**Description of the task**
From the material below, set down exactly the lines that run from the one containing "Real Natural Fresh" to the one containing "色非真皮通勤单鞋女2026新款春季方头亮面工作鞋气质粗跟浅口女鞋", minus the pictures.

====== Source material ======

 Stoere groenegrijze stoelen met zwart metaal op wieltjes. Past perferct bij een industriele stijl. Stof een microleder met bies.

======
====== Source material ======

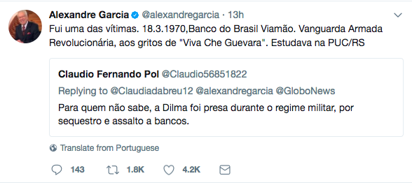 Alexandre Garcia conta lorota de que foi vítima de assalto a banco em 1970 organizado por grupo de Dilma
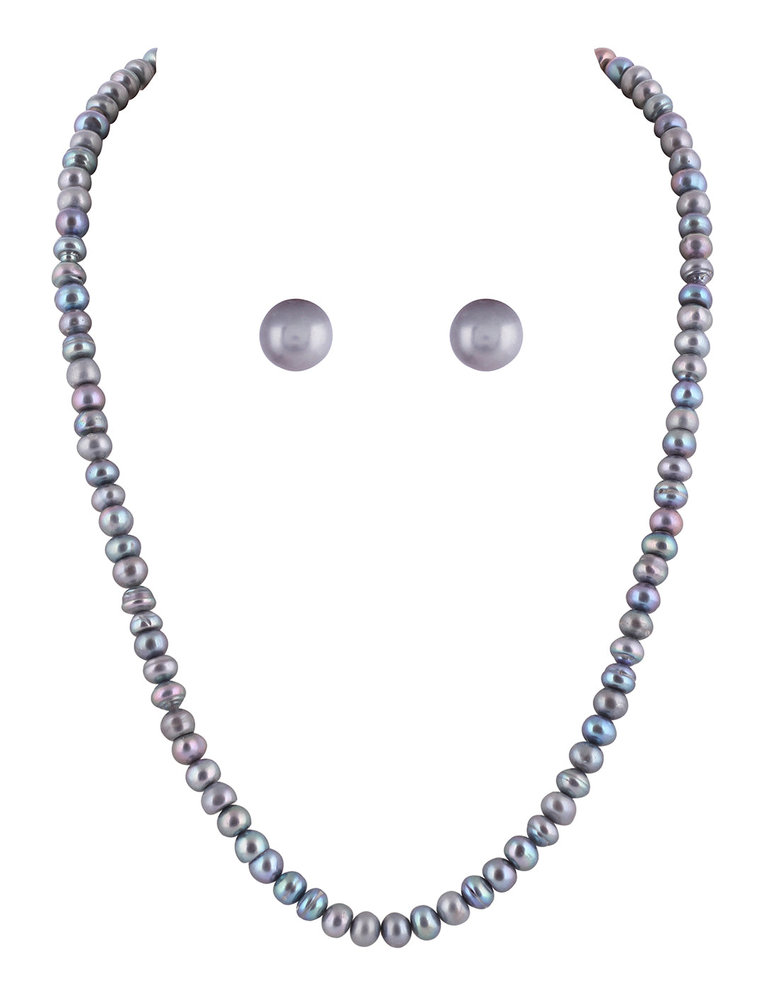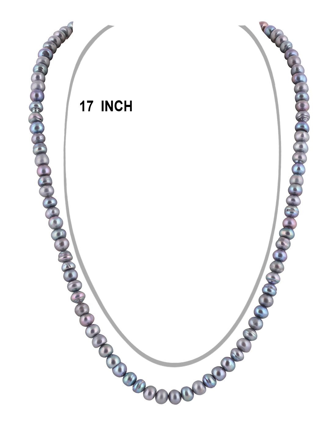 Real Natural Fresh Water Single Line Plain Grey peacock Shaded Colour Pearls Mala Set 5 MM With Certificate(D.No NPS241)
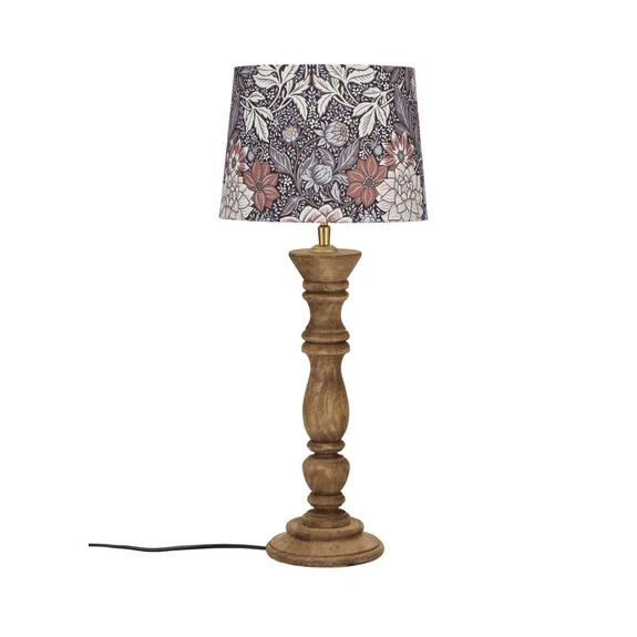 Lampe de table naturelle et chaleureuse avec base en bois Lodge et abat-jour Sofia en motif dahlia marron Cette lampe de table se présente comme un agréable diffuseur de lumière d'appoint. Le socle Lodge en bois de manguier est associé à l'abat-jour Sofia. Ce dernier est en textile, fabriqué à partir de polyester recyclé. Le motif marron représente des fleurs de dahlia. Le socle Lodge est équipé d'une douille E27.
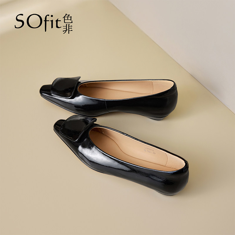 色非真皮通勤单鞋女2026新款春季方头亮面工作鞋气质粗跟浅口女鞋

======
====== Source material ======

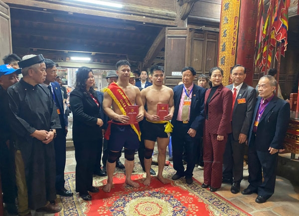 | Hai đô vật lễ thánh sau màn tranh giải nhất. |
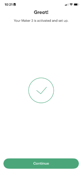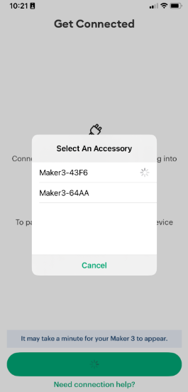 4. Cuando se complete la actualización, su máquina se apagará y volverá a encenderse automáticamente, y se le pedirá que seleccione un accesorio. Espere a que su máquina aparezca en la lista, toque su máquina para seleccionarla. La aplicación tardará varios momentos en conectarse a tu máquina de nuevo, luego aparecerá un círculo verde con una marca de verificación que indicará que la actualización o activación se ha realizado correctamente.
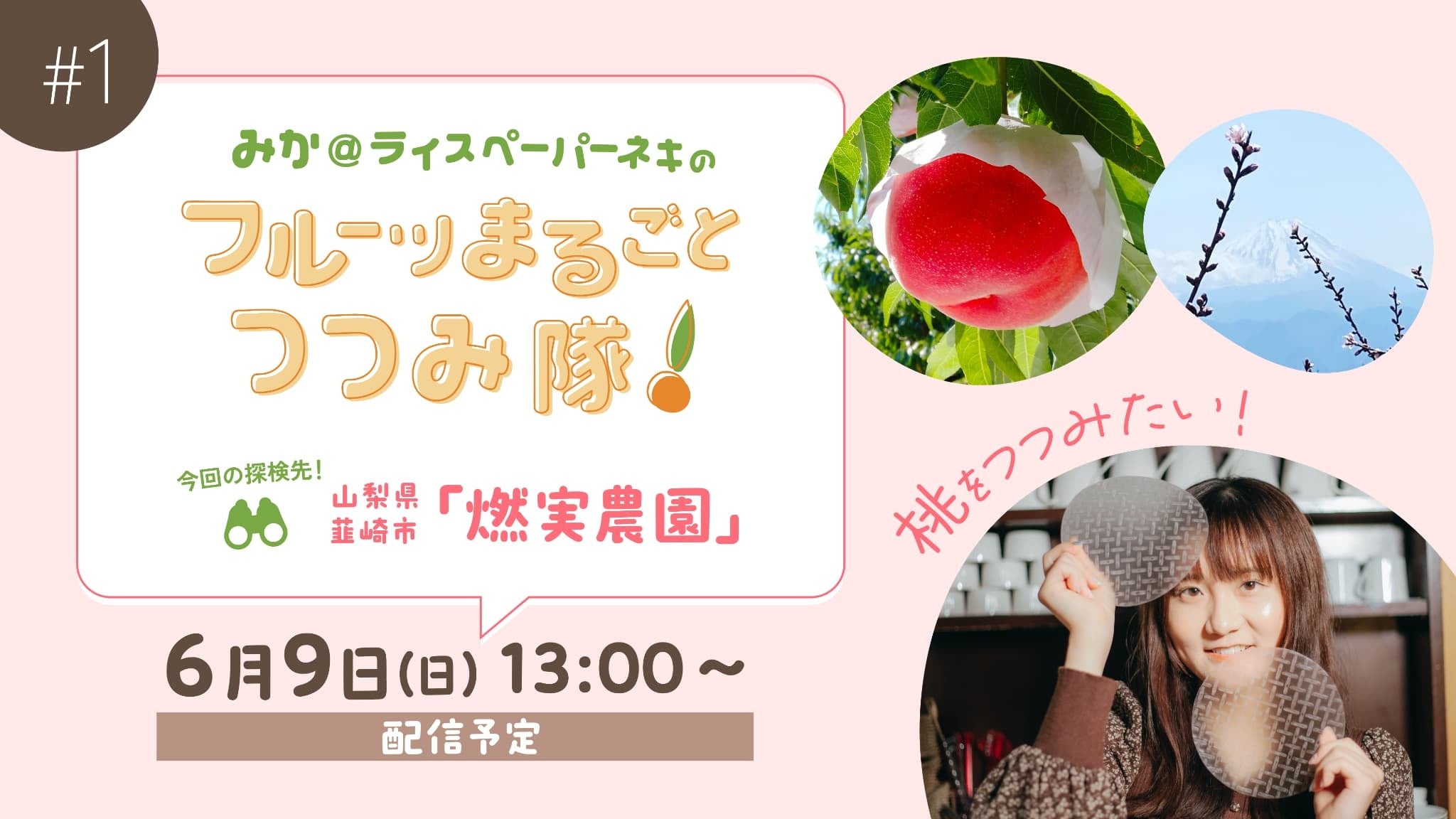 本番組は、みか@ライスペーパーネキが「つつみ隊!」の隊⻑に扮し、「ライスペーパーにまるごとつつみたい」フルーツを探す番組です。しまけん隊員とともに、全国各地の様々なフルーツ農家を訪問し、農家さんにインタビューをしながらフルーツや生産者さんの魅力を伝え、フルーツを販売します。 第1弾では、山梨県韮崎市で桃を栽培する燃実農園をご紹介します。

======

**Solution for this exercise**
 Real Natural Fresh Water Single Line Plain Grey peacock Shaded Colour Pearls Mala Set 5 MM With Certificate(D.No NPS241)
 Lampe de table naturelle et chaleureuse avec base en bois Lodge et abat-jour Sofia en motif dahlia marron Cette lampe de table se présente comme un agréable diffuseur de lumière d'appoint. Le socle Lodge en bois de manguier est associé à l'abat-jour Sofia. Ce dernier est en textile, fabriqué à partir de polyester recyclé. Le motif marron représente des fleurs de dahlia. Le socle Lodge est équipé d'une douille E27.
 色非真皮通勤单鞋女2026新款春季方头亮面工作鞋气质粗跟浅口女鞋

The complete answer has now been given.